9.1   CONFIDENTIALITY.

      After the Closing, Vendors will keep confidential and will not use or
disclose any information in their possession or under their control relating to
Corporation or their respective business, unless such information is or becomes
generally available to the public other than as a result of a disclosure by
Vendors in violation of this Agreement.

9.2   COMPENSATION AND BENEFITS.

      For at least twelve (12) months following Closing, the employees of
Corporation shall be entitled to receive compensation and benefits no less
favourable than their current compensation and benefits which are set forth in
Schedule 3.2(u).
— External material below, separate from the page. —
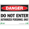 ZING Eco Safety Sign "DANGER DO NOT ENTER AUTHORIZED PERSONNEL ONLY" communicates critical messages that inform of designated areas and important safety precautions. Sign is made from high quality 70% post-consumer recycled plastic that is UL Validated for recycled content which substantiates material compliance with various green codes, standards, and procurement policies including the LEED Green Building Rating System, IgCC, GSA Advantage, ASHRAE 189.1 and others. Recycled material supports sustainability initiatives and LEED credits. Sign measures 10"H x 14"W and includes 4 mounting holes and adhesive tabs. Made in the USA.

Immersion acknowledges that Corporation's Board of Directors
approved salary increases for certain of Corporation's employees on January 11,
2000. These increases in salary are described in Section 5 of the minutes of the
Remuneration Committee dated November 8, 1999. Immersion agrees to accept these
new salary levels, but only on the condition that such salary increases shall
commence as of the Closing and that such salary increases shall not be deemed to
have been effective during any period prior to the Closing. Following the
Closing, employees shall be eligible to participate in Immersion's Stock
Purchase Plan. Immersion acknowledges and agrees that salary increases for
Ramstein and Mather have already become effective and are being paid.

9.3   VISUAIDE

      Visuaide and Immersion agree to discuss in good faith a strategic
relationship related to the visually impaired

9.4   FURTHER ASSURANCES.

      From time to time after the Closing Date, each Party shall, at the request
of any other Party, execute and deliver such additional conveyances, transfers
and other assurances as may be reasonably required to effectively transfer the
Purchased Shares to Purchaser and carry out the intent of this Agreement.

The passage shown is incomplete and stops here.